I got the impression we were primarily talking about broken https. It's definitely not out of scope entirely:
"If it says the certificate for your bank is expired, you need to stop. If it says the certificate for the 10 year old public blog post that was linked by a 5 year old Reddit post as describing the solution to your problem, that should not matter, and you just want to read the non-secret contents of whatever is on that page regardless of whether the site's maintainer turned on HTTP to HTTPS redirects and then neglected to renew the certificate."
The exception is cases where the site operator has opted in to HSTS or similar to indicate their decision to rather disable access than allow insecure access.
No I don't. At least not if it's recent. A certificate that expired in the last month is roughly equal in safety to a certificate that's valid for another month or two.
Expiration is a backup safety measure and the risk is mostly based on how long it's been since the certificate was issued.
Unless any banks are going around leaking keys right after they expire for some weird reason?
Certificate validity is binary. either it all is, or it isn’t. this included “not before”
Whereas a certificate error on a disused blog is pretty much what you'd expect from a disused blog.
I think.
So this is where the "cheat code" comes in handy:
https://subdomain.preloaded-hsts.badssl.com/
https://pinning-test.badssl.com/
Then there are those which have no "cheat code" bypass, so you'd have to use some other method:
TLS is fragile, and working around it is often necessary. Certs can expire or be revoked (anywhere in the chain) and the renewal process can be bugged. The time on the client (required for confirmation of certificate validity window) could be wrong (either accidentally or deliberately).
Requiring TLS on an inter-LAN connection is mostly useless, and impossible if no Internet gateway is available.
what do you mean?
> Requiring TLS on an inter-LAN connection is mostly useless
there are many ways to intercept inter-LAN traffic, and:
> and impossible if no Internet gateway is available.
DNS validation? Run your own CA and trust it in your intranet?
The TLS errors that aren't unbypassible by specification (i.e. HSTS, see https://datatracker.ietf.org/doc/html/rfc6797) can be bypassed on Firefox just fine. It's only the ones where the spec says bypassing the error shouldn't be possible where Firefox takes a hard stance.

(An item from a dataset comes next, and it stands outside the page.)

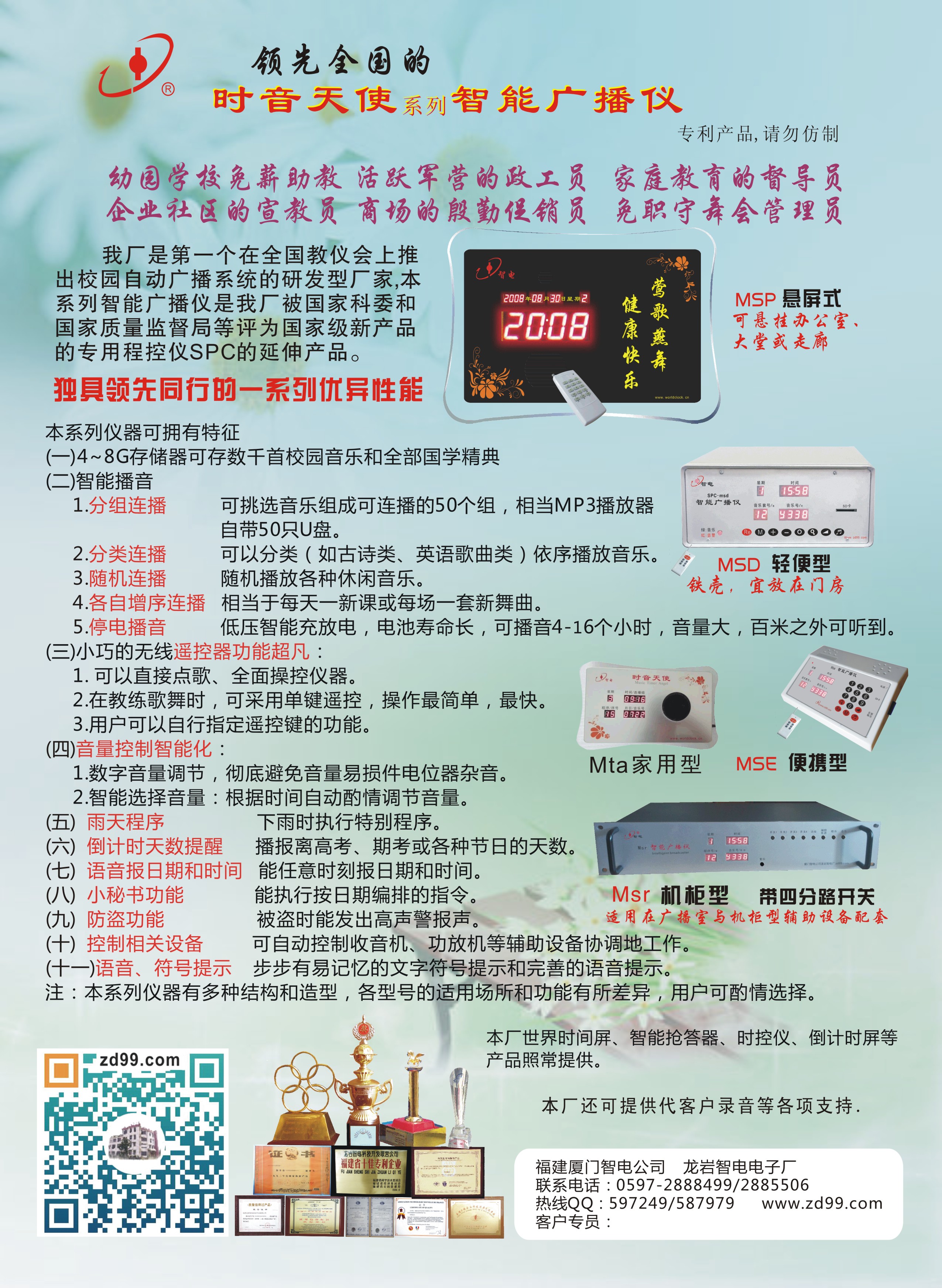 智電電子專業(yè)生產(chǎn):世界地圖時(shí)間鐘,世界時(shí)間地圖鐘,賓館酒店世界鐘,世界時(shí)間鐘,部隊(duì)自動廣播系統(tǒng),軍號儀,軍號播放器,校園自動廣播系統(tǒng),音樂定時(shí)播放器,倒計(jì)時(shí)鐘,打鈴器,電子搶答器,全自動水位控制器,定時(shí)開關(guān)控制器,等電子自動化控制設(shè)備

Chrome had to alter their bypass string several times because vendors documented the override rather than fixing their insecure crapware. It makes total sense to me that Firefox does the same.

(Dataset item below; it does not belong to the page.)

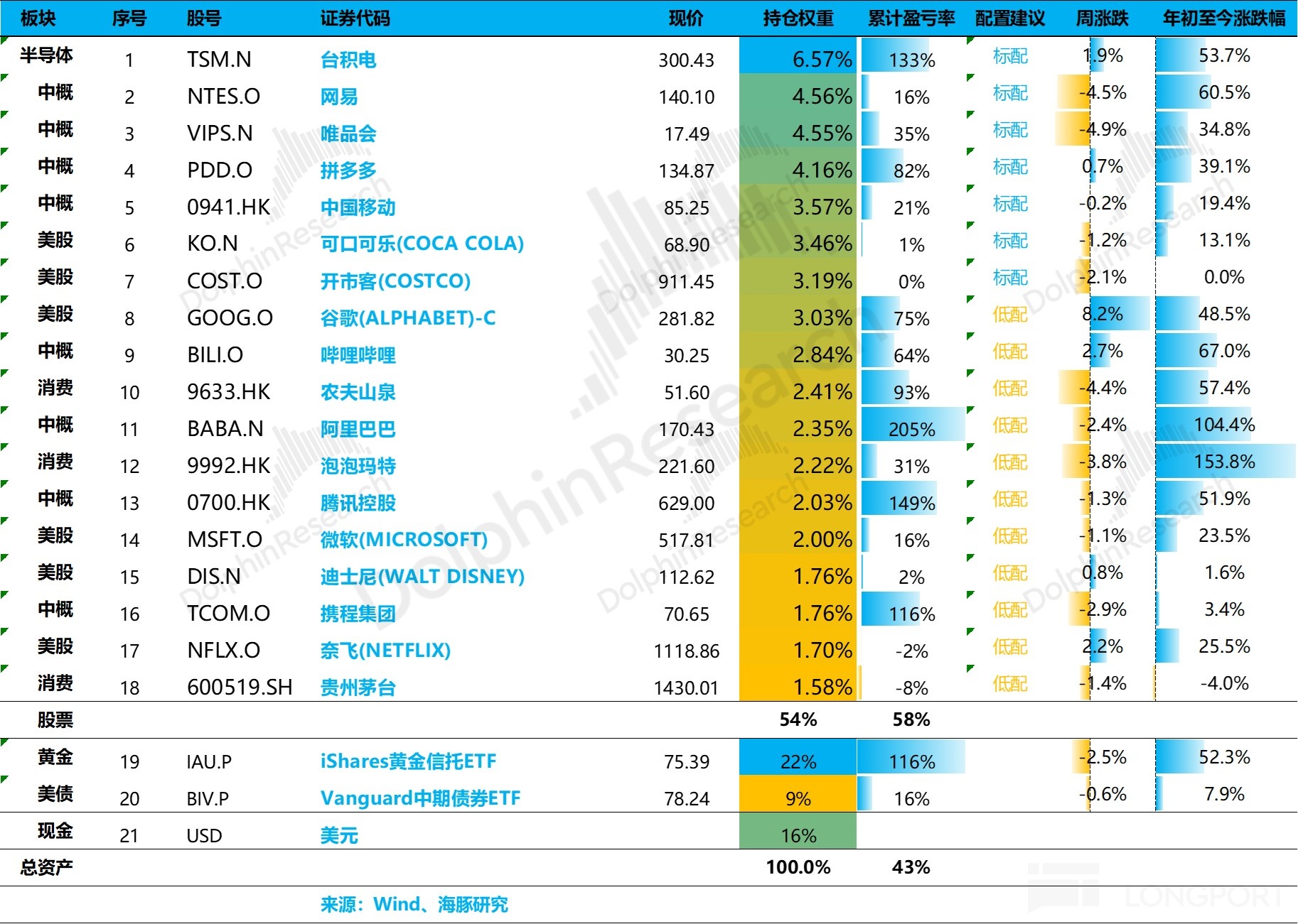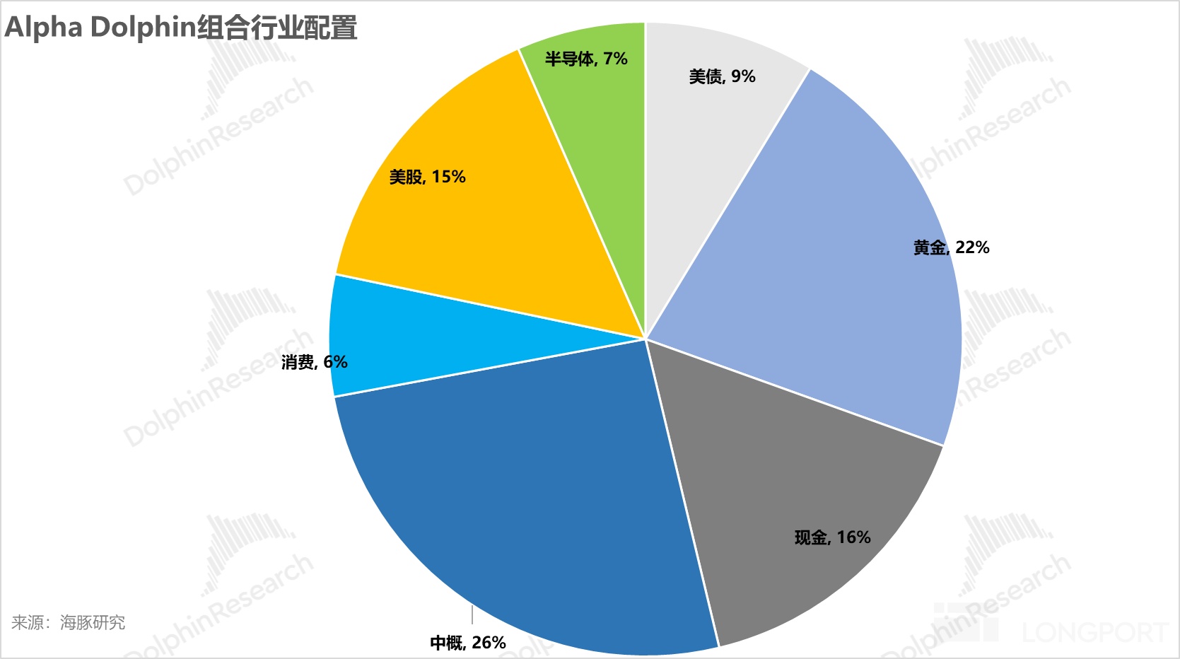 Alpha Dolphin 虚拟组合共计持仓 18 只个股与权益型 ETF,其中标配 7 只,其余低配。股权之外资产主要分布在了黄金、美债和美元现金上,目前权益资产与黄金/美债/现金等防守资产之间大约 55:45。

It is rubbish software, the developers routinely ignore fixing actual bugs in favor of new features, and I wish we had a better alternative that wasn't married to Google.
If you ever do this, use a separate browser profile or incognito window. Don't use this just to e.g. get to a captive portal (use example.com or neverssl.com for that).
You only need the "cheat code" if the site is using HSTS, which suggests it's the production web site of something that has a reason to try to be secure. If you're in a separate dev envrionment (different origin), you probably won't have HSTS set.
For local development or browser-to-local-app communication, localhost counts as a secure origin even without HTTPS.